Labour’s collusion with the Tories

Following Labour’s defeat at the 2019 General Election, Corbyn stood down as Leader and the party stopped opposing the Tories’ agenda. The minor criticisms of the government that are made by Starmer’s front bench tend to be framed by the Tories’ agenda.

It has been very important for the Tories that Labour has endorsed the government’s deadly public health policies throughout the pandemic. According to the government’s own figures, more than 160,000 have now died within 60 days of a positive Covid-19 test. In effect a cull of the most vulnerable people is taking place, with close to 1,000 dying every week at present.

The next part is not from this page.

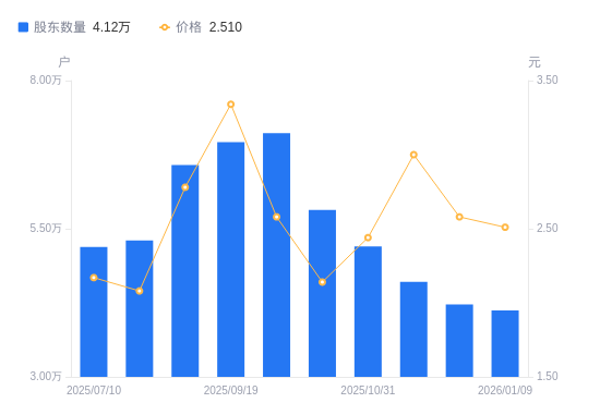 近一年(2025年1月20日至2026年1月9日),ST美晨A股股东户数从4.27万户,减低至4.12万户,降幅3.60%,区间股价上涨18.96%。

The government’s promotion of conditions that have been allowing the virus to spread, infect, harm and kill so many people, would be far more politically controversial if Labour had led a fight to protect the population. Instead that fight has been led by parts of the medical profession and a few of Labour’s left wing MPs and the Labour leadership is still backing the Tories on this.

Stay and fight

A large part of Labour’s membership wants the party to fight the Tories and put forward some sort of alternative agenda. However, with the right wing in control of the party, that will clearly not happen at present. The right wing’s stepping up of the purge means the internal fight will be protracted.

The Labour left can still fight within the party for the agenda that Labour should be putting forward. Fundamentally that needs to be an agenda that opposes the Tories’ offensive and champions the biggest and most important issues in the class struggle, both domestic and international, including: the new cold war; the climate catastrophe; the pandemic; the growing racist offensive; the attacks on women and on disabled people. The left is on the defensive, but it can stay in Labour and fight.